Gerade bevor sich der Winter anschickt sich selbst zu outen ist noch schnell Zeit, sich der auf Naturbeobachtung basierenden Wintervorhersage 2018/19 für das Großarltal zu widmen. 

Der obligate Besuch bei meinem Leib-Wetterpropheten Bergbauer Rupert sollte Licht ins Dunkel bringen. Die Vorhersage für den letzten Winter hat er echt gut getroffen (hier klicken). Respekt. Nun aber der Blick auf 2018/19. Nach Rupert’s Wortwahl hört sich das Ergebnis kurz und schmerzlos folgendermaßen an: „nit so rass“. Im Vergleich zu 2017/18 ist gemeint. Das bedeutet, dass der Winter etwas gemäßigter wird als der letzte, sowohl im Hinblick auf Schneefall als auch auf Kälte. Er geht damit von einem durchschnittlichen Winter aus. Zwar ist, wenn „Venus“ der Jahresregent ist – wie derzeit und noch bis März 2019 gültig – üblicherweise mit sehr schneereichen und kalten Wintern zu rechnen. Aber nachdem der letzte Winter sozusagen schon aus dem Vollen geschöpft hat wird sich dieser Effekt für 2018/19 abschwächen.

Bergbauer Rupert mit seinen Söhnen. Er hat auch einen neuen Stall bekommen. Letztes Jahr wurde die Prognose noch im alten Stall in Empfang genommen.

Bergbauer Rupert mit seinen Söhnen. Er hat auch einen neuen Stall bekommen. Letztes Jahr wurde die Prognose noch im alten Stall in Empfang genommen.

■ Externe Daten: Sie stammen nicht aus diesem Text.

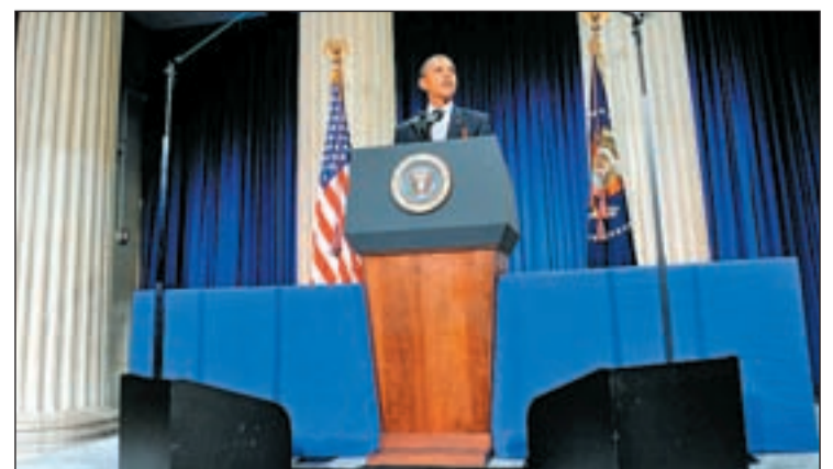
Barack Obama durante su discurso el pasado lunes en Nueva York

tadounidenses apoyan la ‘opción pública’, un seguro médico pagado por el Estado, del paquete de reforma sanitaria planteado por el presidente, Barack Obama, según un estudio publicado por el diario ‘The Washington Post’ y la televisión norteamericana ABC.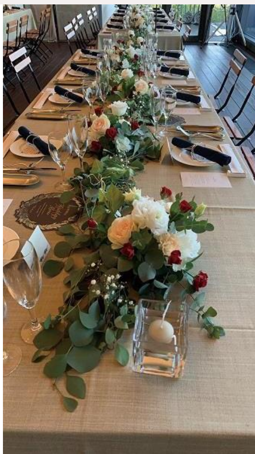
1 m ガーランド+ アレンジ5,500円2個+ フローティング2個+ カスミ草 price 15,400yen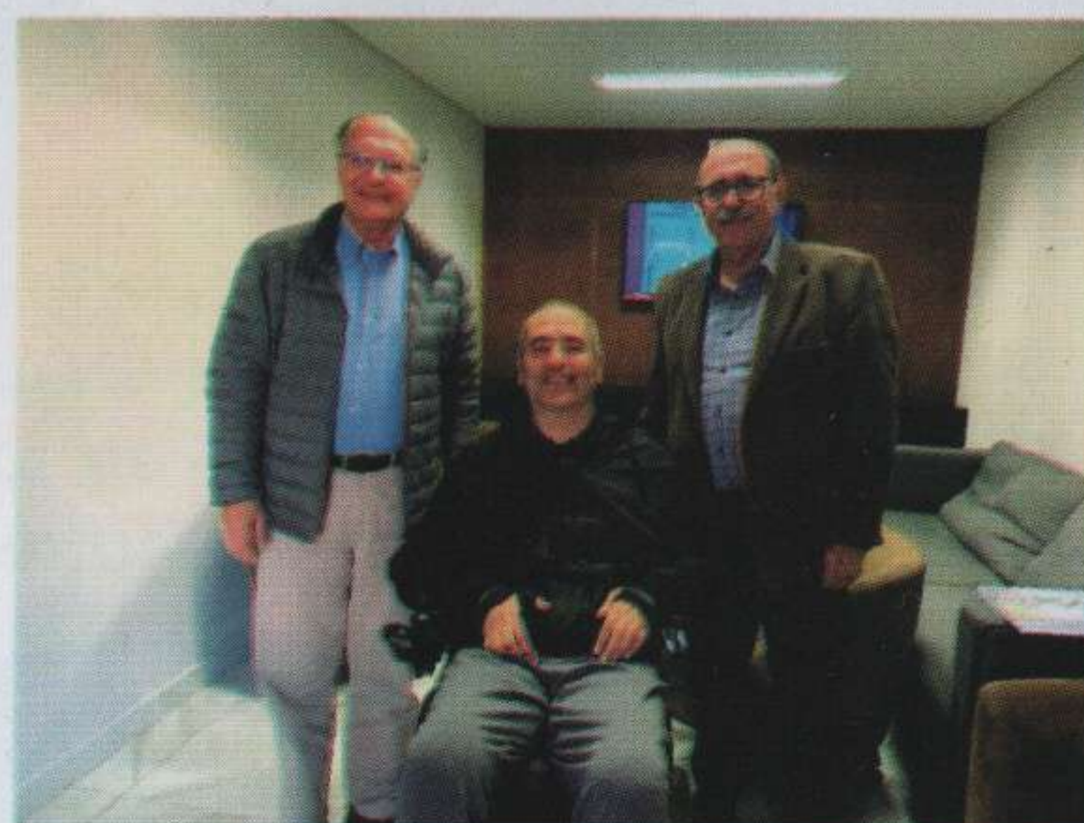
Com o governador de São Paulo, Geraldo Alckmin, e com amigos no seu Bar do Bretagne, em Higienópolis

Auf meine Frage nach mehr Details meint Rupert, dass es nächste Woche bereits sehr winterlich wird. Und er schwört, dies aufgrund des auffällig hohen Übereinstimmungsgrads nicht der aktuellen Wettervorschau entnommen zu haben. Die Monate Jänner bis März geht es „noand unterschiedlich“ dahin. Diese Prophezeiung hätte ich mir auch fast zugetraut. Rupert präzisiert aber gleich dahingehend, dass es im Jänner wechselnde Wetterphasen gibt, auch einmal warm. Ab dem Maria Lichtmesstag (Anfang Februar) schneit es wieder ergiebiger. Die Wettergestaltung des März würde er ähnlich wie jene vom Jänner sehen. Was es im März etwas zu warm sein wird, sollte sich im April wieder mit winterlich und kalt ins gerade Gegenteil verkehren. Das ist dem Wetter durchaus zuzutrauen, „späte Ostern, langer Winter“ ließ sich in der Vergangenheit immer wieder beobachten. 

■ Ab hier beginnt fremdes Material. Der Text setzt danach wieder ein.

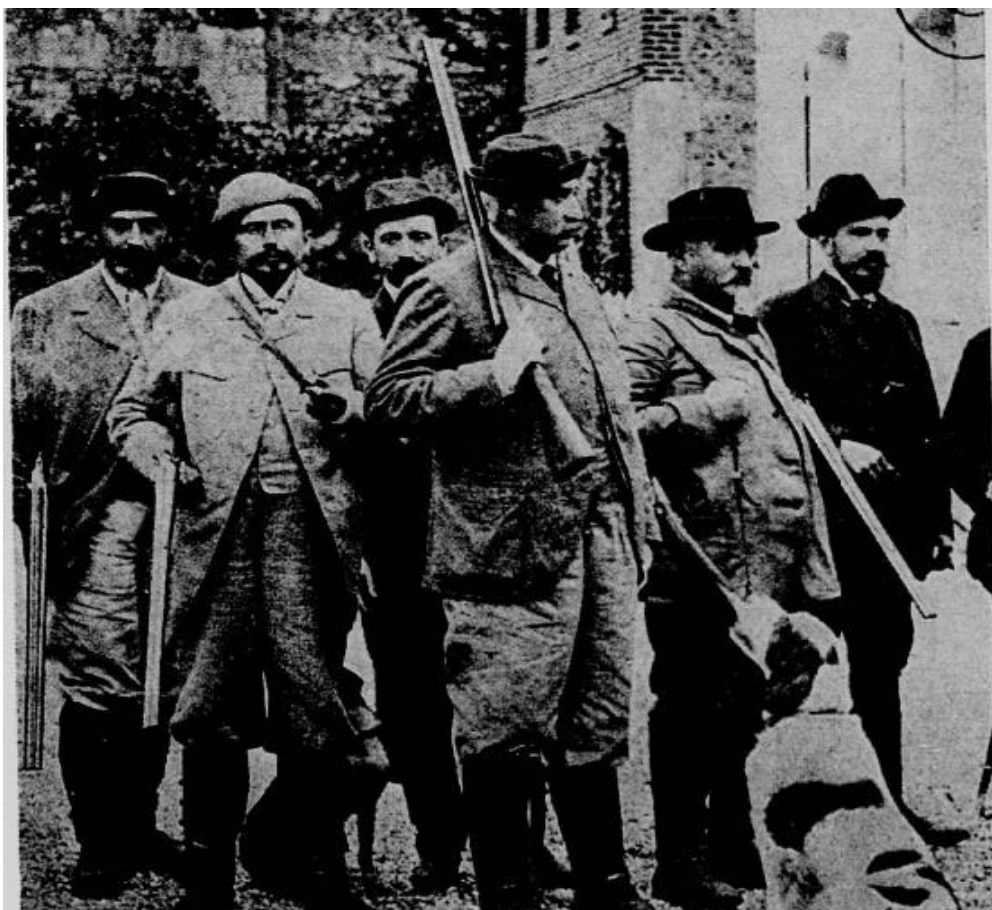
Photographie 1 : Le Président Félix Faure (au centre) avec, à sa droite, Gabriel Hanotaux.

Was Rupert auch als im Sinne des Wintertourismus ermutigendes Zeichen wertet ist der Umstand, dass es im Sommer und im Herbst auf unseren Bergen unüblich wenig geschneit hat. Dann sollte für den kommenden Winter sozusagen mehr bleiben. Auch der Lostag Elisabeth (19. 11.) gibt Hoffnung. „Elisabeth sagt an, was der Winter für ein Mann“. Es war frisch und hat leicht geschneit an diesem Tag.

Noch eine wichtige Frage: gibt es heuer grüne Weihnachten, wie von seinem Pinzgauer Gegenstück vorhergesagt? Nein, daran glaubt Rupert nicht, er geht fix von weißen Weihnachten aus. Anschließendes Weihnachtstauwetter würde er allerdings für möglich halten. Noch einmal auf einen gemeinsamen Nenner gebracht geht Rupert’s Prognose also von einem unauffälligen Winter – ausgewogen und von allem etwas – der das Prädikat „durchschnittlich“ verdient, aus.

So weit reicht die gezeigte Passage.